The latest sweeping ransomware assault bares some similarity to the WannaCry crisis that struck seven weeks ago. Both spread quickly, and both hit high-profile targets like large multinational companies and critical infrastructure providers. But while WannaCry’s many design flaws caused it to flame out after a few days, this latest ransomware threat doesn’t make the same mistakes.
Originally identified as Petya, a ransomware that first started circulating in 2016, the current attack now appears to be a Petya offshoot, with added refinements such as stronger encryption. Some researchers call this new iteration “NotPetya” or “GoldenEye,” while others still refer to it as Petya. Regardless of the name, it has already hit 2,000 targets, seizing the systems of high-profile victims like Danish shipping giant Maersk, US pharmaceutical company Merck, and multiple private and public institutions in Ukraine.
And while it owes its rapid spread in part to EternalBlue, the same stolen NSA exploit WannaCry leveraged, it lacks several of the traits that made WannaCry—which turned out to be an unfinished North Korean project gone awry—easier to stop.
“The quality of the code improves from iteration to iteration—this GoldenEye ransomware is pretty solid,” says Bogdan Botezatu, a researcher at the security firm Bitdefender. “We don’t get to catch a break.”
The most important WannaCry pitfall that this current round sidesteps? A kill switch that allowed researchers to neuter the ransomware around the world and drastically reduce the spread.
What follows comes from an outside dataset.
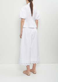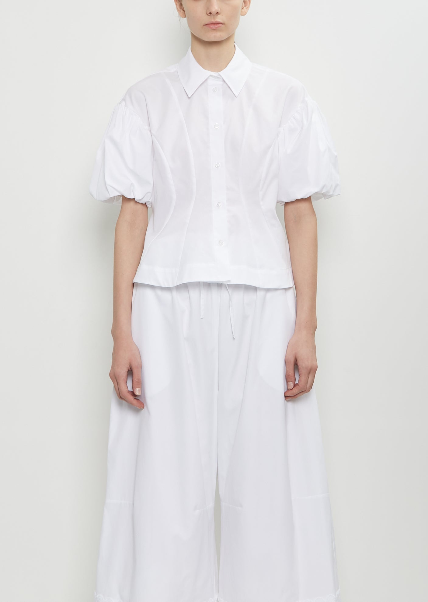 Simone Rocha white cropped shirt with short puffed sleeves in cotton poplin. Features a spread collar, dropped shoulders, princess seams at front for a fitted bodice, darts at back and a shell-hued buttons closure at front. Regular fit. Also available in: Black . Worn with: Cotton Ruffle Waist Cropped Trousers and Embellished Mesh Ballerina. Sizing: UK Sizing (6-12). 6=XS, 8=S, 10=M, 12=L. Amelia is 5' 10.5” (179cm), bust 32”, waist 24”, hips 35” and wears a size 8. Color: White. 100% Cotton. Imported. SS25SR016

The mechanism was a low-quality, possibly unfinished feature meant to help the ransomware avoid analysis. It backfired spectacularly. So far, GoldenEye shows no signs of containing such a glaring error.
Additionally, WannaCry spread between networks across the internet like a worm, relying almost entirely on EternalBlue to get in and hitting systems that hadn’t yet downloaded Microsoft’s patch for that vulnerability. This new ransomware also targets devices that somehow still aren’t secured against EternalBlue, but can deploy other infection options as well. For example, the attackers seem to be spreading the ransomware through the software update feature of a Ukrainian program called MeDoc, and possibly through Microsoft Word documents laced with malicious macros.